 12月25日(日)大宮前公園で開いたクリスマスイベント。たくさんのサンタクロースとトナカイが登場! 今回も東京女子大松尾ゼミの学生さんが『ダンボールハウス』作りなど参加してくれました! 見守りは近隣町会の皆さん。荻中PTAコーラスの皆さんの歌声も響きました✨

================

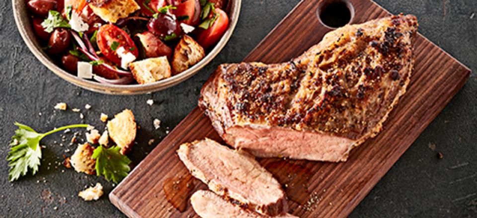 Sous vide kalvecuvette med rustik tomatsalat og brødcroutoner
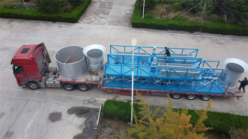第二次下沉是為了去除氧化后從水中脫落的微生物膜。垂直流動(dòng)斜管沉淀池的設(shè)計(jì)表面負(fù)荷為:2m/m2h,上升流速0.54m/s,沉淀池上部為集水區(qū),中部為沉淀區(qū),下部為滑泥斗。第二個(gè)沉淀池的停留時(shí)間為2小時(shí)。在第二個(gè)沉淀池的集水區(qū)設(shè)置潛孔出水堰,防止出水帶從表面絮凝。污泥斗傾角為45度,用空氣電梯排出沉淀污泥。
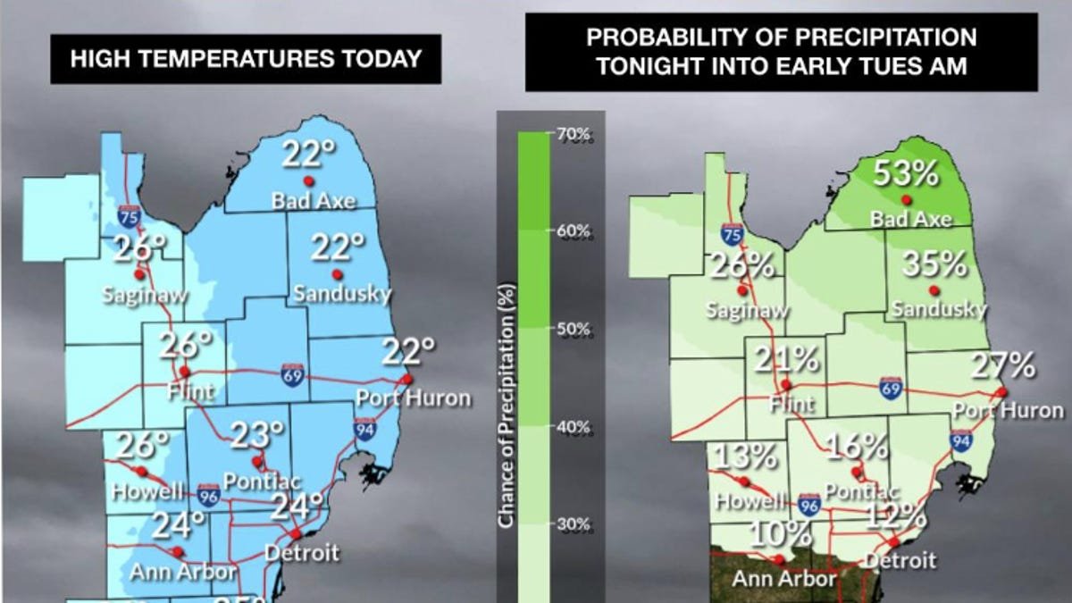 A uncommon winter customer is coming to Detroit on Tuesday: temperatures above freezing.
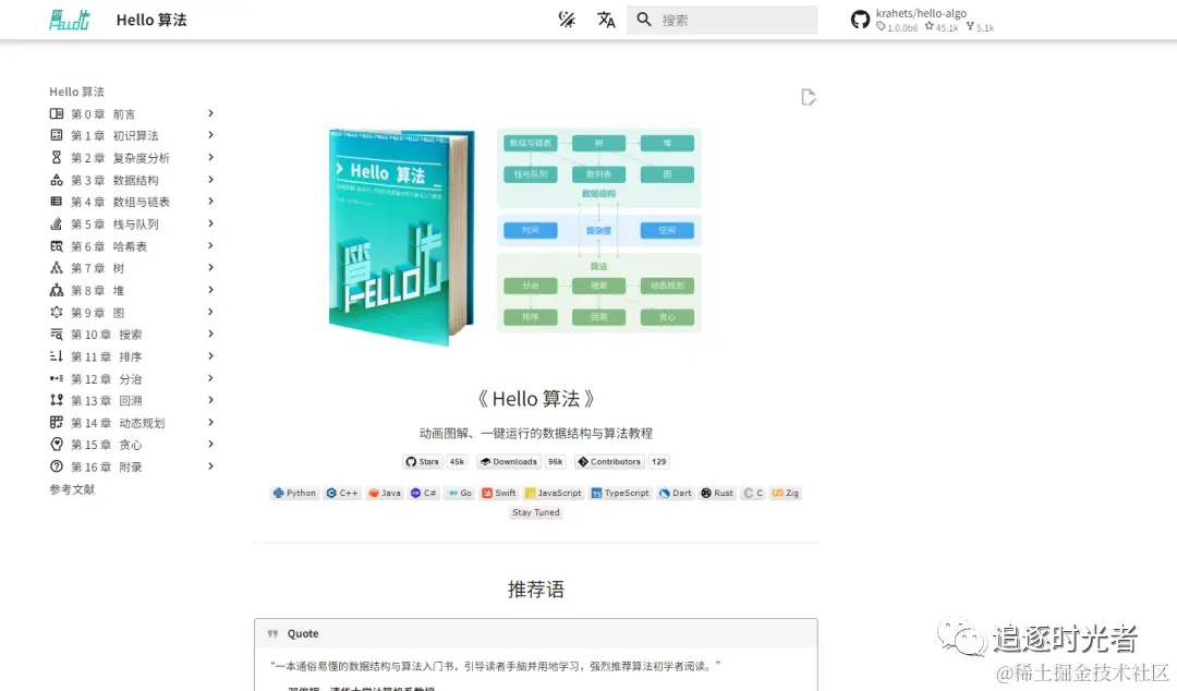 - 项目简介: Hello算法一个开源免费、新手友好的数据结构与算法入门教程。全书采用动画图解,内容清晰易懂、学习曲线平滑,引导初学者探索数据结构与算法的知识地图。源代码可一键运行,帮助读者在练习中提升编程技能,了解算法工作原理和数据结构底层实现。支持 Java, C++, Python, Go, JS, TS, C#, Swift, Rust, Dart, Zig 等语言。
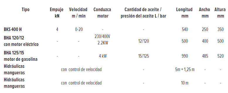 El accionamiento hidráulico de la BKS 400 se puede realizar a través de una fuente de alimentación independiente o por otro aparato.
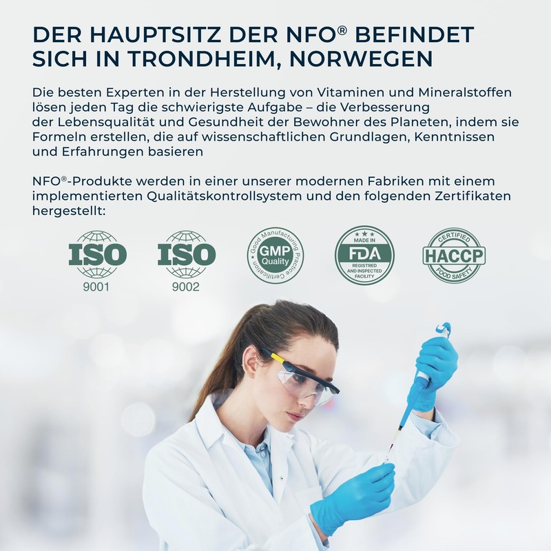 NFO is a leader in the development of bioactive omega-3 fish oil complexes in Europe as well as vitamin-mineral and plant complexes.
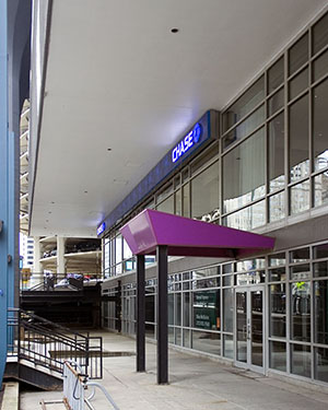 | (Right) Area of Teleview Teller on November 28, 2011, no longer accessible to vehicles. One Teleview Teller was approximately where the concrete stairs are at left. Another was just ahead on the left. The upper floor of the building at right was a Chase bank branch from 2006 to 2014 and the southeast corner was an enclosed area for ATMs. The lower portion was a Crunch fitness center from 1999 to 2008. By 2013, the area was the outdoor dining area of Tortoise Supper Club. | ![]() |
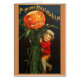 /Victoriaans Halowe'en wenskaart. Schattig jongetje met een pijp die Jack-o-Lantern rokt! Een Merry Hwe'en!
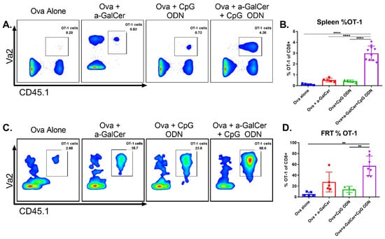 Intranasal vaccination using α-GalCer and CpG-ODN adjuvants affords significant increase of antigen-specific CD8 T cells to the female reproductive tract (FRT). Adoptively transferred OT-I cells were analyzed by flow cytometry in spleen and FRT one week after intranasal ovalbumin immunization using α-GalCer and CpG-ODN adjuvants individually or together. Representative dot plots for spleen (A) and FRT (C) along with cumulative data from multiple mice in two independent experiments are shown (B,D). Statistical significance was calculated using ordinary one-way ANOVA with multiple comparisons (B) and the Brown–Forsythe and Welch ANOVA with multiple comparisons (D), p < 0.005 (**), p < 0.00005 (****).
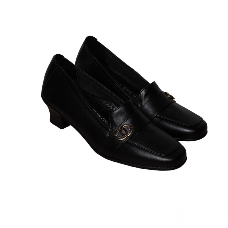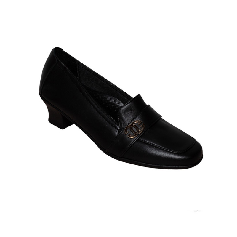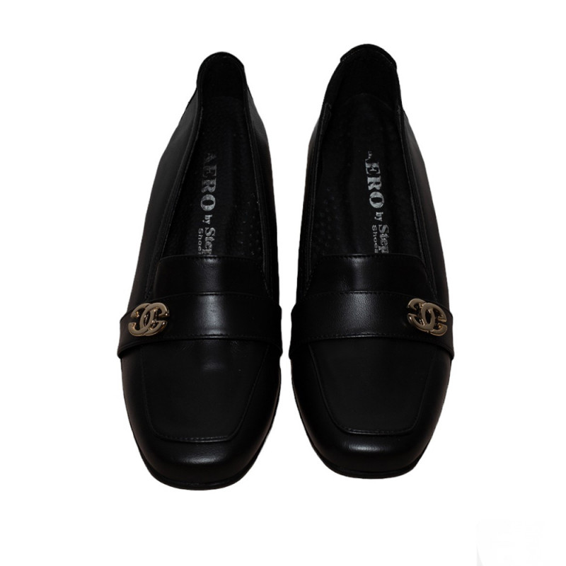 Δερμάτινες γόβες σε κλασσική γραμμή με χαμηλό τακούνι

================

* _YOUR INSTRUCTIONS_
Above, find the line with "Intranasal vaccination using"; copy it and every line down to the line with "Δερμάτινες γόβες σε", exactly and both included, but no pictures.

* _RESPONSE_
 Intranasal vaccination using α-GalCer and CpG-ODN adjuvants affords significant increase of antigen-specific CD8 T cells to the female reproductive tract (FRT). Adoptively transferred OT-I cells were analyzed by flow cytometry in spleen and FRT one week after intranasal ovalbumin immunization using α-GalCer and CpG-ODN adjuvants individually or together. Representative dot plots for spleen (A) and FRT (C) along with cumulative data from multiple mice in two independent experiments are shown (B,D). Statistical significance was calculated using ordinary one-way ANOVA with multiple comparisons (B) and the Brown–Forsythe and Welch ANOVA with multiple comparisons (D), p < 0.005 (**), p < 0.00005 (****).
 Δερμάτινες γόβες σε κλασσική γραμμή με χαμηλό τακούνι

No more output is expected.